Work item -
Give back the lines below verbatim, omitting all pictures.

Dataset excerpts

━━━━━━

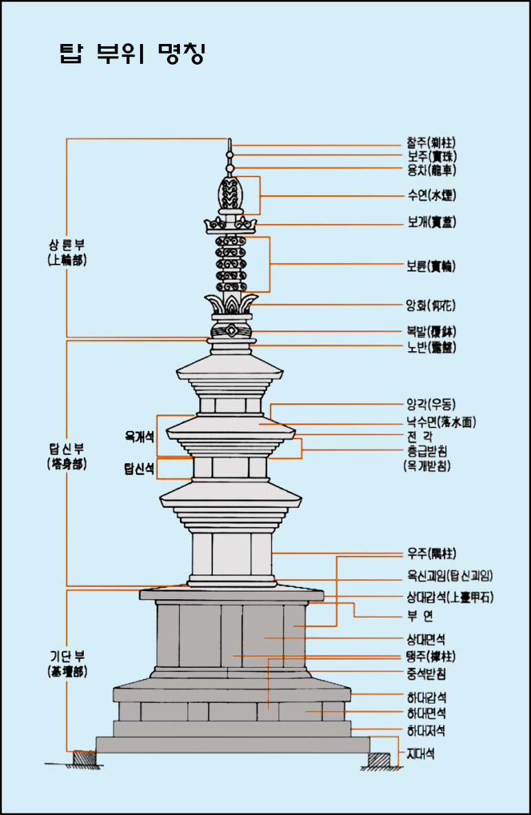 탑(塔)은 인도의 스투파(Stupa)를 한자로 표기한 탑파(塔婆)에서 시작되었다. 원래 석가모니의 사리(舍利)를 봉안하기 위해 만들어진 건조물을 의미합니다.
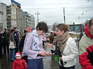 Фото с пикета в защиту зоозащитницы Лидии Поповой (15 апреля 2006 года) Текст центра защиты прав животных "Вита" 15 апреля в 12 часов в Новопушкинском сквере (напротив памятника Пушкину, через дорогу) прошла акция "Россия без жестокости!", посвященная протесту против бесправного положения животных в России. Организатор мероприятия - Центр защиты прав животных "Вита" при содействии других организаций по защите животных. Поводом для проведения пикета стал вопиющий случай, когда москвичка Лидия Попова, вставшая на защиту бездомных животных и пострадавшая за это от рук милиции и ловцов собак, теперь предстанет перед судом. 14 сентября жительница СВАО Лидия Попова стала свидетельницей противоправных действий со стороны Управы "Ростокино" и милиции. В нарушение Постановления Лужкова №819-ПП от 1.10.2002 г. глава управы "Ростокино" вызвал машину с ловцами, которые взялись отлавливать стерилизованных ранее (на государственные деньги) собак. Содействие ловцам оказывала милиция, также вызванная главой управы. В государственной службе отлова диких животных (ГУП СОДЖ) Л. Поповой подтвердили, что этот отлов незаконный, поскольку машину с ловцами они не высылали. Попытки Лидии Поповой встать на защиту закона, и отстоять собак успехом не увенчались. Животные отправились в неизвестном направлении, а Л. Поповой спустя некоторое время была вызвана в местное УВД, где ей сообщили, что против неё возбуждено уголовное дело по трём статьям УК РФ(!), включая "посягательство на жизнь сотрудников правоохранительного органа" (ст. 317УК РФ) и "применение насилия в отношении представителей власти" (ст.318 УК РФ). Суд над Лидией Поповой состоится 18 апреля по адресу: Протопопьевский переулок, д.19, стр.6, где Центр "Вита" также организует акцию протеста. На защиту Лидии Поповой, которой грозит 5 лет лишения свободы, встал адвокат Евгений Черноусов, известный по защите ветврачей "кетаминового дела". Этот вопиющий факт игнорирования местными властями и милицией Постановления Правительства Москвы, заменившего убийство бездомных животных программой стерилизации, далеко не единственный. Центр защиты прав животных "Вита" получает бесчисленное количество жалоб москвичей на продолжающиеся нелегальные отловы и убийство животных. К сожалению, префектуры, управы, и ДЕЗы заняли откровенно враждебную позицию по отношению к первому в России прогрессивному документу в защиту животных-компаньонов (собак и кошек). Так, например, СВАО сдал на утильзавод "Эколог" 98 тонн трупов животных за полгода, в то время как убийство животных в Москве запрещено! Однако, по сравнению со столицей, где общественность и пресса помогают выявлять случаи жестокого обращения с животными, в регионах дело обстоит гораздо хуже. Практика бесконечных отловов бездомных животных с их последующим убийством, имеющая место во всех городах России, лишь усугубляет ситуацию, способствуя размножению животных. Так, например, власти Самары и Ульяновска дошли до того, что призвали горожан убивать бездомных животных за вознаграждение. Ответственность за жестокость по отношению к сельскохозяйственным, пушным, подопытным животным не предусмотрена российским законодательством никак. Вся правовая база России по защите животных на сегодняшний день представлена одной-единственной 245 ст. УК РФ "о жестоком обращении с животными",
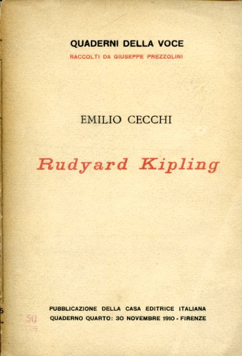 In-16° grande, pp. 75, (5), brossura editoriale. Ritratto fotografico di Kipling f.t. Ottimo stato. Prima edizione di questo giovanile studio critico di Cecchi, uno dei suoi primissimi libri, sul grande scrittore inglese. Il volume uscì editorialmente senza frontespizio. 'Il saggio su Kipling uscì sulla Voce (1º dic. 1910) e poi, subito dopo, nei Quaderni della Voce (n. 4, 1911). In una nota del febbraio del '12 (Taccuini, p. 22) scriveva: 'Il saggio su Kipling, determinato in me da quella crisi oggettiva e di realismo morale che attraversai quando cominciai ad uscire dagli anni penosi della mia vita sola e data a occupazioni non congeniali.; l'incontro con la figura letteraria di Kipling fu casuale. Si trova, anche esso, sulla linea dell'Inno; come una degenerazione, starei per dire materialistica delle idee e dei sentimenti che l'Inno rappresentava'. Le qualità dello scrittore, ancora entusiasta di fronte alle 'scoperte', prevalsero al punto di fare di una monografia una sorta di rievocazione appassionata della personalità e del cursus di Kipling sullo sfondo di una natura esotica inquietante. Renato Serra rimase impressionato dal saggio, tanto da scriverne al Cecchi '.ho letto con gran piacere. Kipling, lo scrittore che io amo tanto da non volerne parlare. Ma questa volta me ne parlano così bene: il suo giudizio critico coincide con l'impressione del lettore innamorato. E tutto il ritratto è semplice, fluido, ricco.' (24 genn. 1911, in Epistolario, Firenze 1953).' (Felice Del Beccaro in D.B.I., XXIII, 1979). Quaderni della Voce raccolti da Giuseppe Prezzolini. Quaderno quarto. Simonetti, Le edizioni della 'Voce', n. 51.
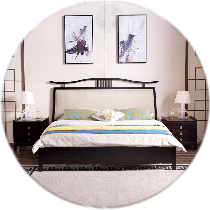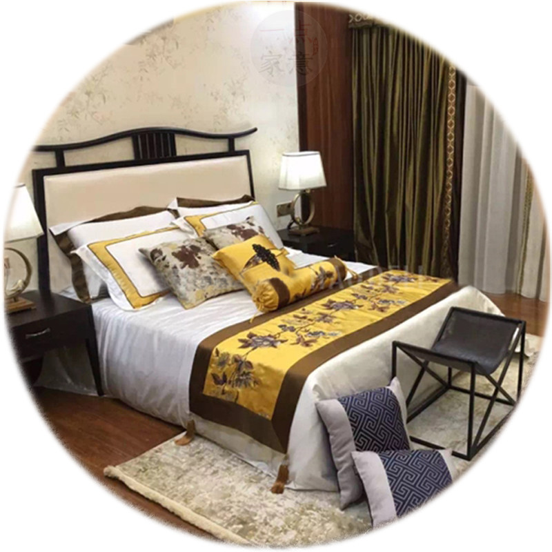 New Chinese Retro Zen Simple Solid Wood Soft Pack Single Bed Hotel Villa Guest Room King Bed Factory Custom Furniture
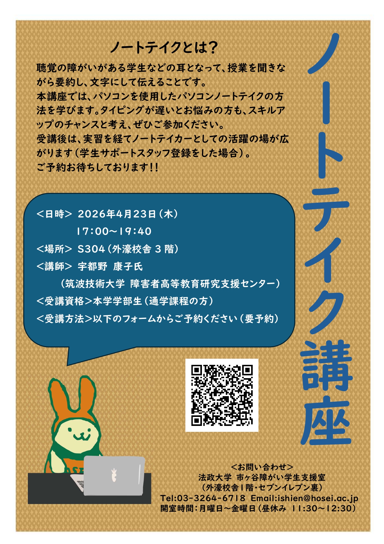 市ヶ谷障がい学生支援室では、「ノートテイク講座」を開催します。
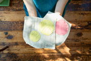 ○の部分は柔らかなガーゼを手作業で裁断、縫製しているため、少し形がいびつになりますがそちらの風合いも楽しんでいただけますと幸いです。
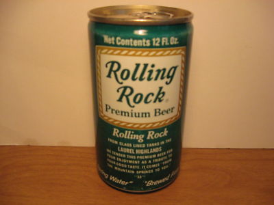 Title (ebay affiliate link): ROLLING ROCK PREMIUM BEER CAN 12oz DRAWN STEEL B/O
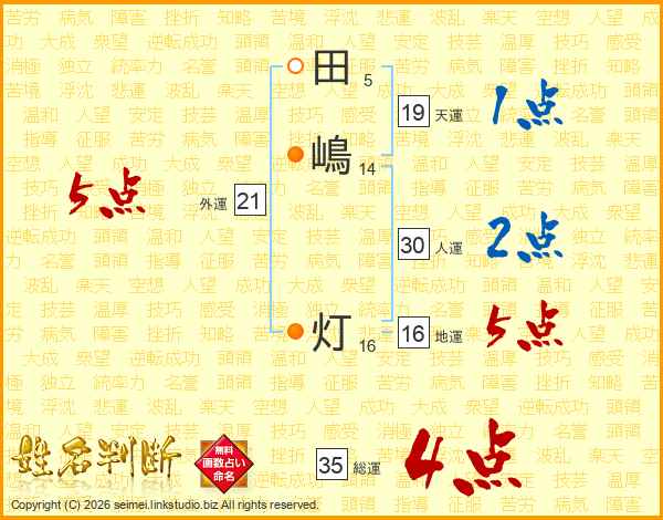 田(5画)嶋(14画) 灯(16画)
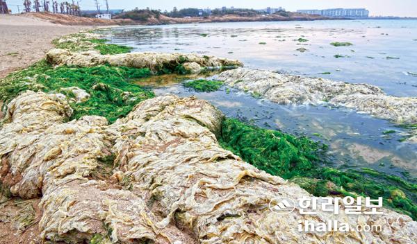 4일 서귀포시 성산읍 신양해수욕장에 끝없이 밀려온 파래가 잔뜩 쌓여 있다. 강희만기자
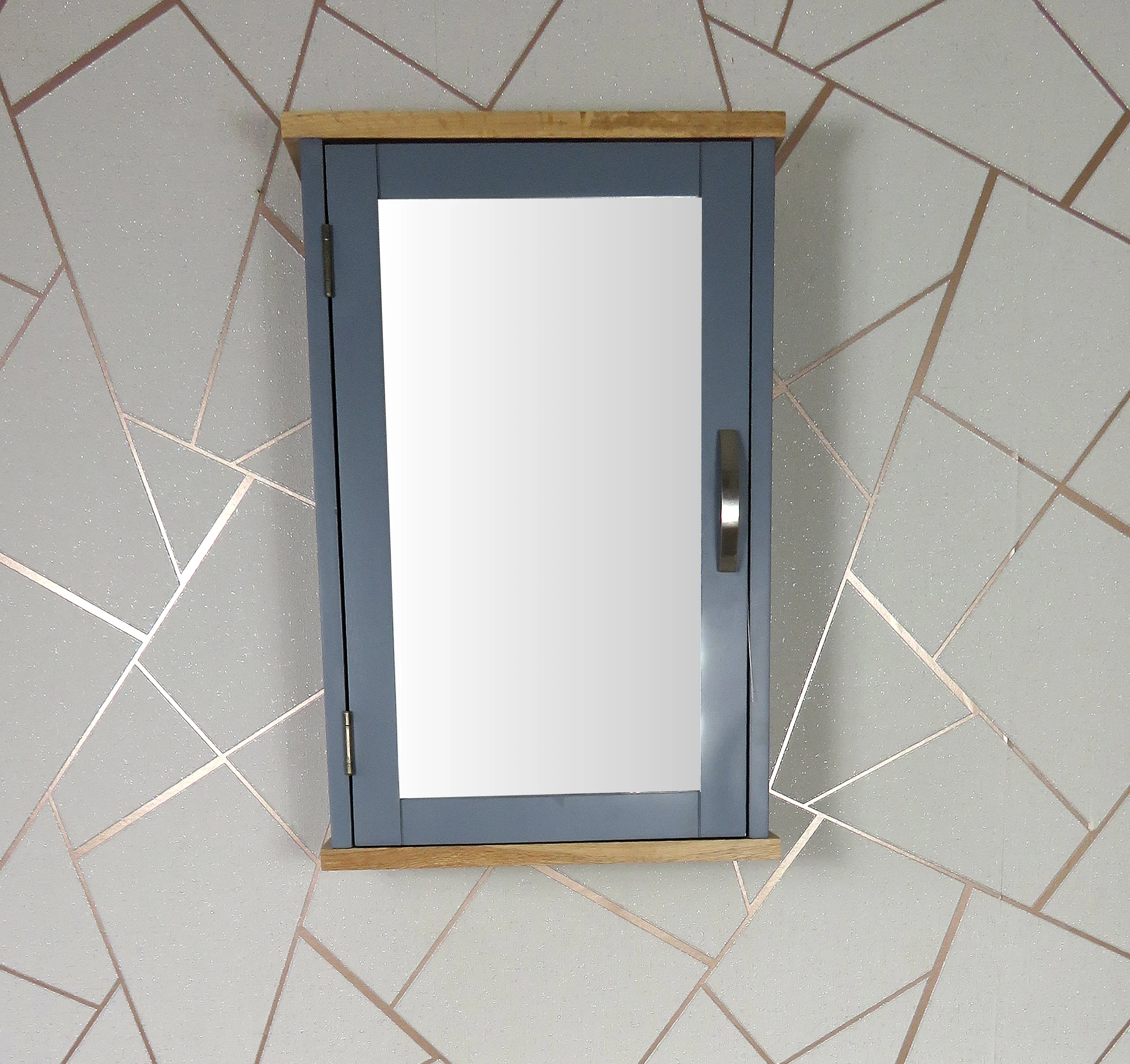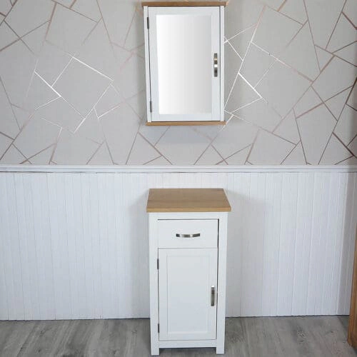 This truly beautiful contemporary slender wall mounted bathroom cupboard is constructed from 100% solid oak hard wood. It features single mirror door and one internal central shelf which is removable. This unit would complement our matching bathroom vanity units perfectly.
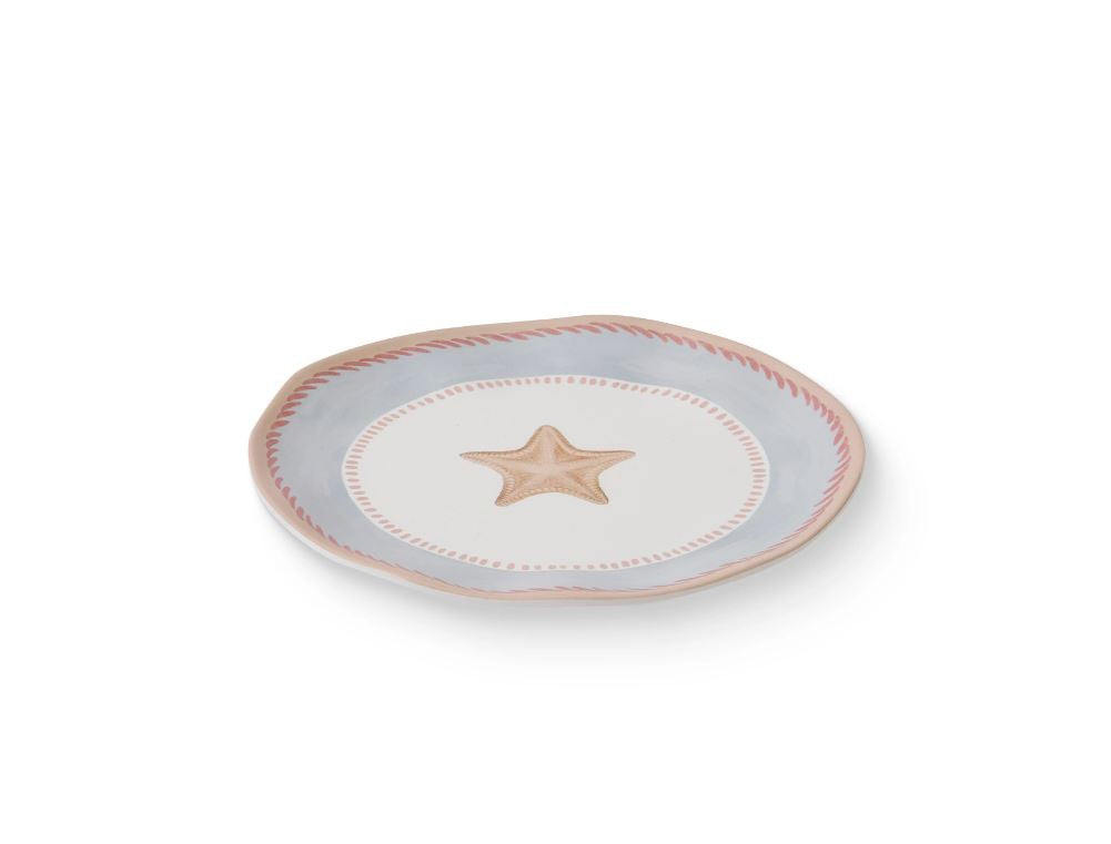 Small melamine plate with handpainted starfish design and painted border detail.
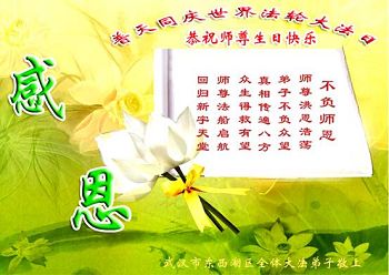 湖北武汉市东西湖区全体大法弟子恭祝师尊生日快乐!湖北省荆州市公安县全体大法小弟子恭祝师父生日快乐!
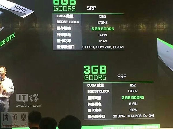 p>Видеокарты NVIDIA Pascal в целом оправдали ожидания геймеров и энтузиастов по части производительности, и после GeForce GTX 1080, GTX 1070 и GTX 1060 6GB «зелёные» намерены выпустить модель GeForce GTX 1060 3GB. Ранее ходили слухи о том, что трёхгигабайтная версия GP106 ограничится 1152 потоковыми процессорами вместо 1280, и данная информация подтвердилась: в ходе презентации младшей карты в Китае на слайде фигурировало именно число 1152 напротив параметра «ядра CUDA».
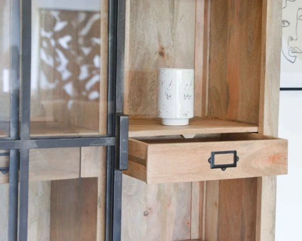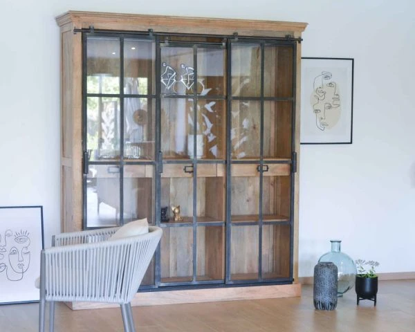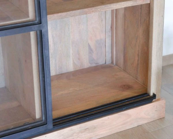 Réveillant à merveille la structure en bois massif, le métal travaillé ici de façon volontairement brut signe la tendance ! Encadrant les vitres des 3 portes coulissantes, cette matière solide se marie à merveille avec le bois naturel de manguier. Essence durable et pérenne, le manguier présente des teintes chaleureuses aux reflets miels ponctuées de stries plus foncées et fines. On craque pour son charme incroyable qui assure l’aspect chaleureux de notre intérieur.

━━━━━━

The completed task -
 탑(塔)은 인도의 스투파(Stupa)를 한자로 표기한 탑파(塔婆)에서 시작되었다. 원래 석가모니의 사리(舍利)를 봉안하기 위해 만들어진 건조물을 의미합니다.
 Фото с пикета в защиту зоозащитницы Лидии Поповой (15 апреля 2006 года) Текст центра защиты прав животных "Вита" 15 апреля в 12 часов в Новопушкинском сквере (напротив памятника Пушкину, через дорогу) прошла акция "Россия без жестокости!", посвященная протесту против бесправного положения животных в России. Организатор мероприятия - Центр защиты прав животных "Вита" при содействии других организаций по защите животных. Поводом для проведения пикета стал вопиющий случай, когда москвичка Лидия Попова, вставшая на защиту бездомных животных и пострадавшая за это от рук милиции и ловцов собак, теперь предстанет перед судом. 14 сентября жительница СВАО Лидия Попова стала свидетельницей противоправных действий со стороны Управы "Ростокино" и милиции. В нарушение Постановления Лужкова №819-ПП от 1.10.2002 г. глава управы "Ростокино" вызвал машину с ловцами, которые взялись отлавливать стерилизованных ранее (на государственные деньги) собак. Содействие ловцам оказывала милиция, также вызванная главой управы. В государственной службе отлова диких животных (ГУП СОДЖ) Л. Поповой подтвердили, что этот отлов незаконный, поскольку машину с ловцами они не высылали. Попытки Лидии Поповой встать на защиту закона, и отстоять собак успехом не увенчались. Животные отправились в неизвестном направлении, а Л. Поповой спустя некоторое время была вызвана в местное УВД, где ей сообщили, что против неё возбуждено уголовное дело по трём статьям УК РФ(!), включая "посягательство на жизнь сотрудников правоохранительного органа" (ст. 317УК РФ) и "применение насилия в отношении представителей власти" (ст.318 УК РФ). Суд над Лидией Поповой состоится 18 апреля по адресу: Протопопьевский переулок, д.19, стр.6, где Центр "Вита" также организует акцию протеста. На защиту Лидии Поповой, которой грозит 5 лет лишения свободы, встал адвокат Евгений Черноусов, известный по защите ветврачей "кетаминового дела". Этот вопиющий факт игнорирования местными властями и милицией Постановления Правительства Москвы, заменившего убийство бездомных животных программой стерилизации, далеко не единственный. Центр защиты прав животных "Вита" получает бесчисленное количество жалоб москвичей на продолжающиеся нелегальные отловы и убийство животных. К сожалению, префектуры, управы, и ДЕЗы заняли откровенно враждебную позицию по отношению к первому в России прогрессивному документу в защиту животных-компаньонов (собак и кошек). Так, например, СВАО сдал на утильзавод "Эколог" 98 тонн трупов животных за полгода, в то время как убийство животных в Москве запрещено! Однако, по сравнению со столицей, где общественность и пресса помогают выявлять случаи жестокого обращения с животными, в регионах дело обстоит гораздо хуже. Практика бесконечных отловов бездомных животных с их последующим убийством, имеющая место во всех городах России, лишь усугубляет ситуацию, способствуя размножению животных. Так, например, власти Самары и Ульяновска дошли до того, что призвали горожан убивать бездомных животных за вознаграждение. Ответственность за жестокость по отношению к сельскохозяйственным, пушным, подопытным животным не предусмотрена российским законодательством никак. Вся правовая база России по защите животных на сегодняшний день представлена одной-единственной 245 ст. УК РФ "о жестоком обращении с животными",
 In-16° grande, pp. 75, (5), brossura editoriale. Ritratto fotografico di Kipling f.t. Ottimo stato. Prima edizione di questo giovanile studio critico di Cecchi, uno dei suoi primissimi libri, sul grande scrittore inglese. Il volume uscì editorialmente senza frontespizio. 'Il saggio su Kipling uscì sulla Voce (1º dic. 1910) e poi, subito dopo, nei Quaderni della Voce (n. 4, 1911). In una nota del febbraio del '12 (Taccuini, p. 22) scriveva: 'Il saggio su Kipling, determinato in me da quella crisi oggettiva e di realismo morale che attraversai quando cominciai ad uscire dagli anni penosi della mia vita sola e data a occupazioni non congeniali.; l'incontro con la figura letteraria di Kipling fu casuale. Si trova, anche esso, sulla linea dell'Inno; come una degenerazione, starei per dire materialistica delle idee e dei sentimenti che l'Inno rappresentava'. Le qualità dello scrittore, ancora entusiasta di fronte alle 'scoperte', prevalsero al punto di fare di una monografia una sorta di rievocazione appassionata della personalità e del cursus di Kipling sullo sfondo di una natura esotica inquietante. Renato Serra rimase impressionato dal saggio, tanto da scriverne al Cecchi '.ho letto con gran piacere. Kipling, lo scrittore che io amo tanto da non volerne parlare. Ma questa volta me ne parlano così bene: il suo giudizio critico coincide con l'impressione del lettore innamorato. E tutto il ritratto è semplice, fluido, ricco.' (24 genn. 1911, in Epistolario, Firenze 1953).' (Felice Del Beccaro in D.B.I., XXIII, 1979). Quaderni della Voce raccolti da Giuseppe Prezzolini. Quaderno quarto. Simonetti, Le edizioni della 'Voce', n. 51.
 New Chinese Retro Zen Simple Solid Wood Soft Pack Single Bed Hotel Villa Guest Room King Bed Factory Custom Furniture
 市ヶ谷障がい学生支援室では、「ノートテイク講座」を開催します。
 ○の部分は柔らかなガーゼを手作業で裁断、縫製しているため、少し形がいびつになりますがそちらの風合いも楽しんでいただけますと幸いです。
 Title (ebay affiliate link): ROLLING ROCK PREMIUM BEER CAN 12oz DRAWN STEEL B/O
 田(5画)嶋(14画) 灯(16画)
 4일 서귀포시 성산읍 신양해수욕장에 끝없이 밀려온 파래가 잔뜩 쌓여 있다. 강희만기자
 This truly beautiful contemporary slender wall mounted bathroom cupboard is constructed from 100% solid oak hard wood. It features single mirror door and one internal central shelf which is removable. This unit would complement our matching bathroom vanity units perfectly.
 Small melamine plate with handpainted starfish design and painted border detail.
 湖北武汉市东西湖区全体大法弟子恭祝师尊生日快乐!湖北省荆州市公安县全体大法小弟子恭祝师父生日快乐!
 p>Видеокарты NVIDIA Pascal в целом оправдали ожидания геймеров и энтузиастов по части производительности, и после GeForce GTX 1080, GTX 1070 и GTX 1060 6GB «зелёные» намерены выпустить модель GeForce GTX 1060 3GB. Ранее ходили слухи о том, что трёхгигабайтная версия GP106 ограничится 1152 потоковыми процессорами вместо 1280, и данная информация подтвердилась: в ходе презентации младшей карты в Китае на слайде фигурировало именно число 1152 напротив параметра «ядра CUDA».
 Réveillant à merveille la structure en bois massif, le métal travaillé ici de façon volontairement brut signe la tendance ! Encadrant les vitres des 3 portes coulissantes, cette matière solide se marie à merveille avec le bois naturel de manguier. Essence durable et pérenne, le manguier présente des teintes chaleureuses aux reflets miels ponctuées de stries plus foncées et fines. On craque pour son charme incroyable qui assure l’aspect chaleureux de notre intérieur.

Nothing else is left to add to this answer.